● Exercise data
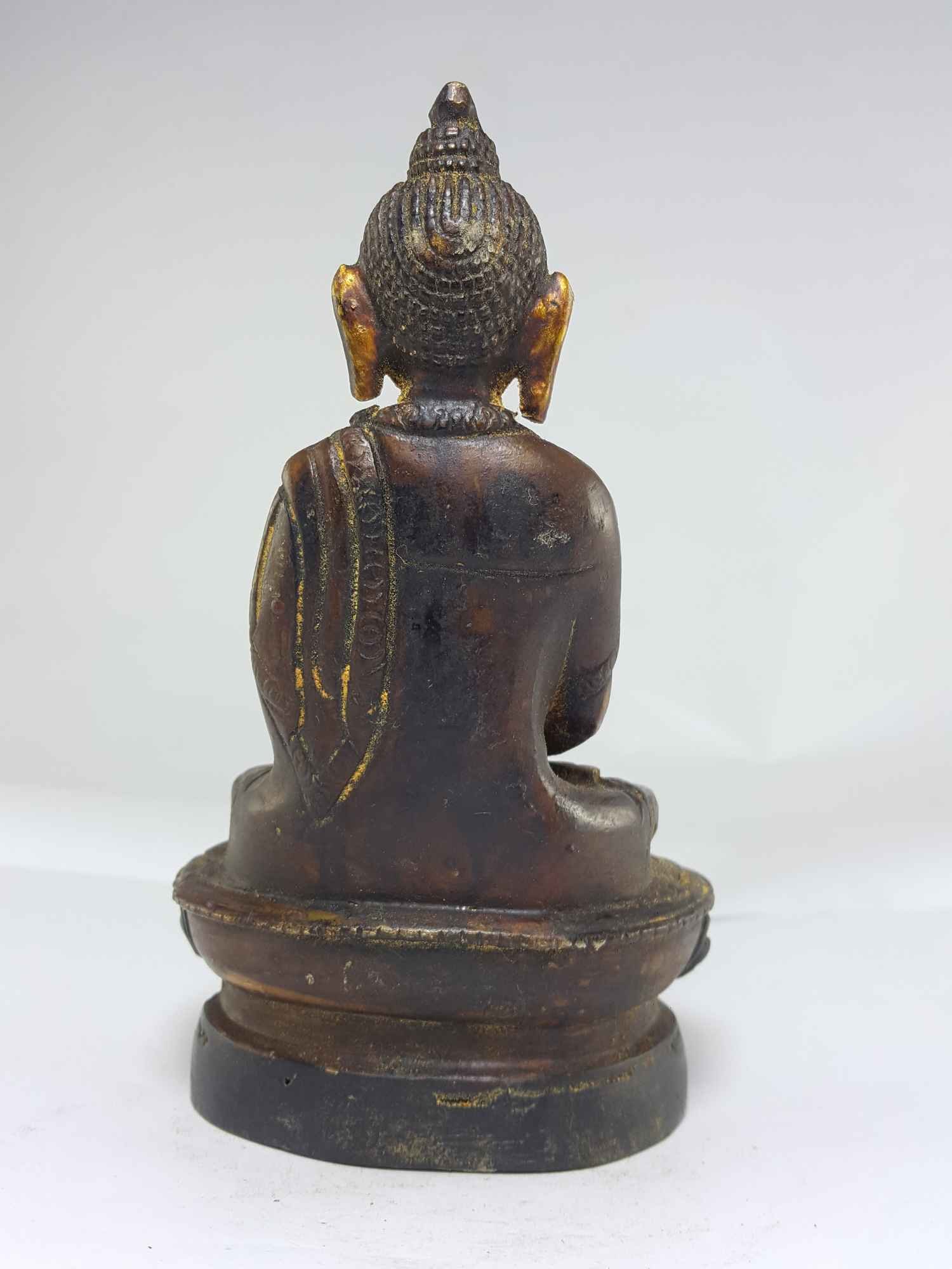 Copper Amitabha Buddha with Wooden Base and Antique Finishing , Buddha of Infinite Light: Symbol of Boundless Compassion
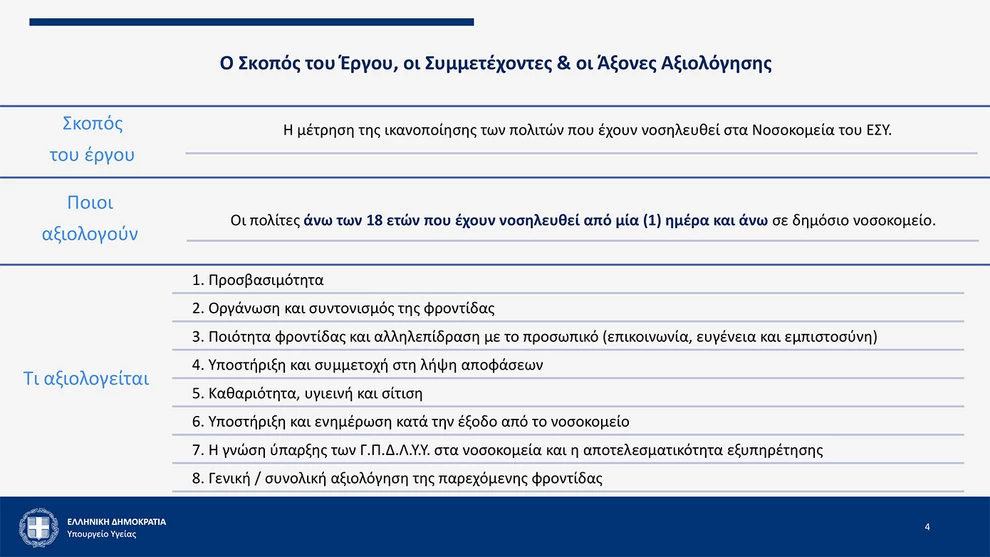 Το ερωτηματολόγιο απευθύνεται στους άνω των 18 ετών που έχουν νοσηλευτεί τουλάχιστον μία ημέρα σε δημόσιο νοσοκομείο, υπό την προϋπόθεση ότι έχουν ενεργοποιήσει την άυλη συνταγογράφηση, και διαρθρώνεται στους εξής άξονες: προσβασιμότητα ασθενών στις υπηρεσίες υγείας (τρόπος και χρονικό διάστημα για την εισαγωγή στο νοσοκομείο), οργάνωση και ποιότητα της φροντίδας που τους παρασχέθηκε, αλληλεπίδραση με το προσωπικό (επικοινωνία, ευγένεια, εμπιστοσύνη), καθαριότητα, υγιεινή και σίτιση, υποστήριξη και συμμετοχή στη λήψη αποφάσεων καθώς και υποστήριξη και ενημέρωση κατά την έξοδο από το νοσοκομείο.
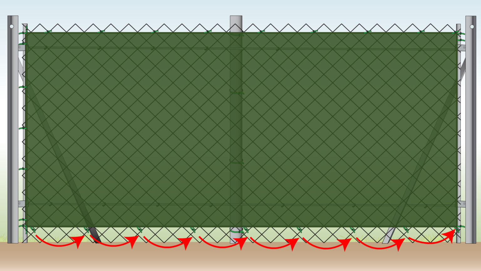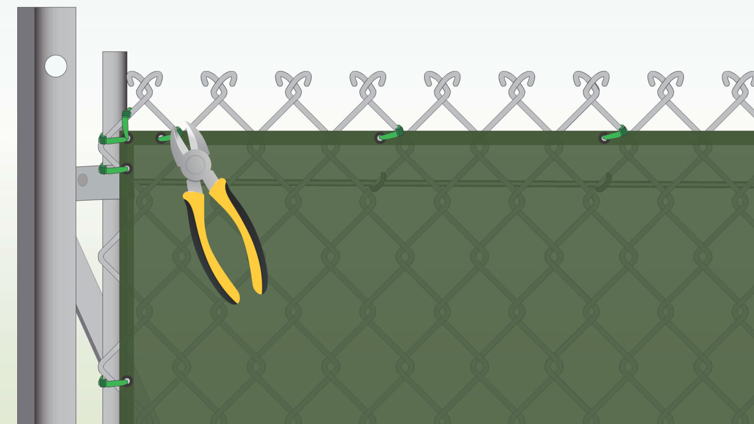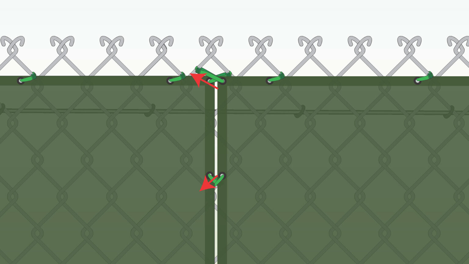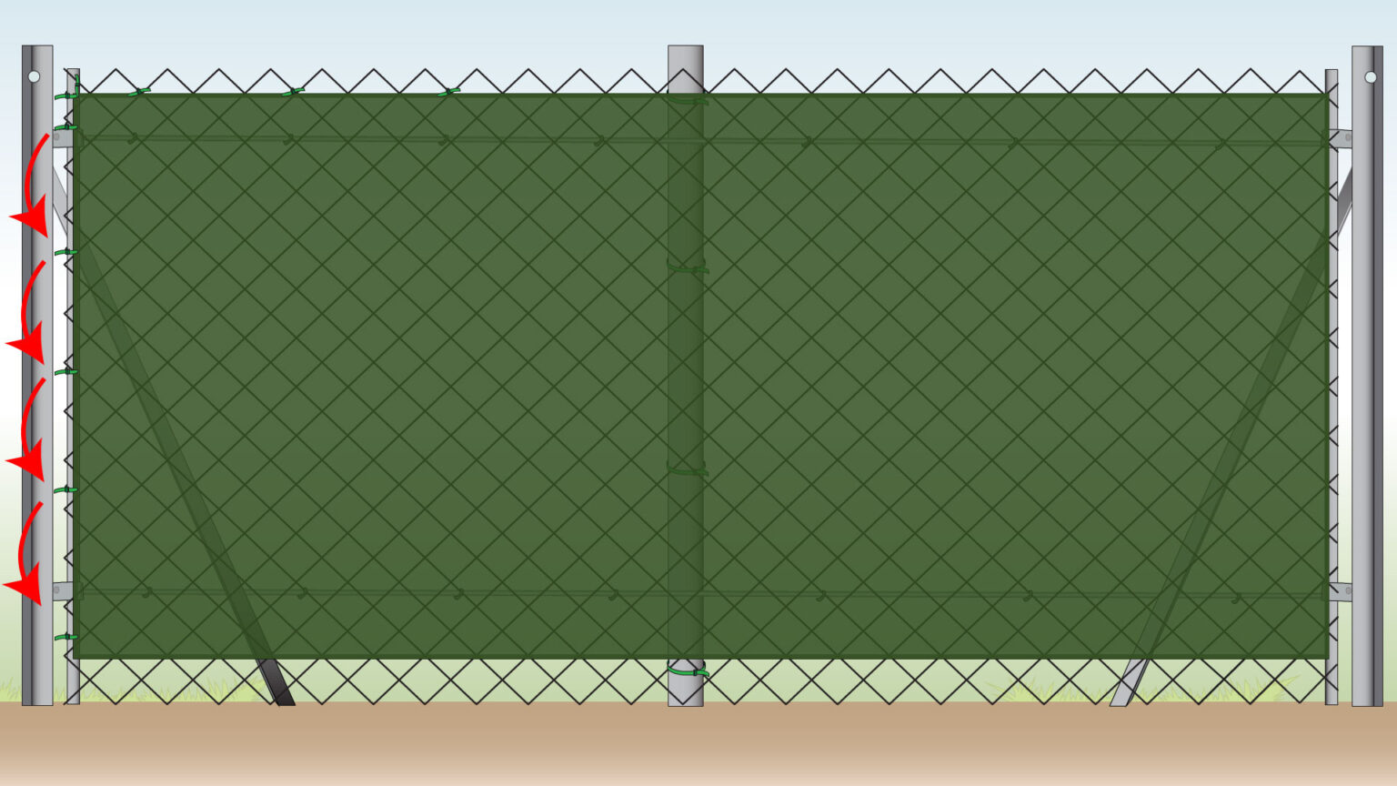 - Always secure each screen directly to the chain link fabric, never mesh to mesh.

● Exercise description
In the data above, the line containing "Το ερωτηματολόγιο απευθύνεται" and all lines after it are to be reproduced exactly, leaving out the pictures.

● Answer to this problem
 Το ερωτηματολόγιο απευθύνεται στους άνω των 18 ετών που έχουν νοσηλευτεί τουλάχιστον μία ημέρα σε δημόσιο νοσοκομείο, υπό την προϋπόθεση ότι έχουν ενεργοποιήσει την άυλη συνταγογράφηση, και διαρθρώνεται στους εξής άξονες: προσβασιμότητα ασθενών στις υπηρεσίες υγείας (τρόπος και χρονικό διάστημα για την εισαγωγή στο νοσοκομείο), οργάνωση και ποιότητα της φροντίδας που τους παρασχέθηκε, αλληλεπίδραση με το προσωπικό (επικοινωνία, ευγένεια, εμπιστοσύνη), καθαριότητα, υγιεινή και σίτιση, υποστήριξη και συμμετοχή στη λήψη αποφάσεων καθώς και υποστήριξη και ενημέρωση κατά την έξοδο από το νοσοκομείο.
 - Always secure each screen directly to the chain link fabric, never mesh to mesh.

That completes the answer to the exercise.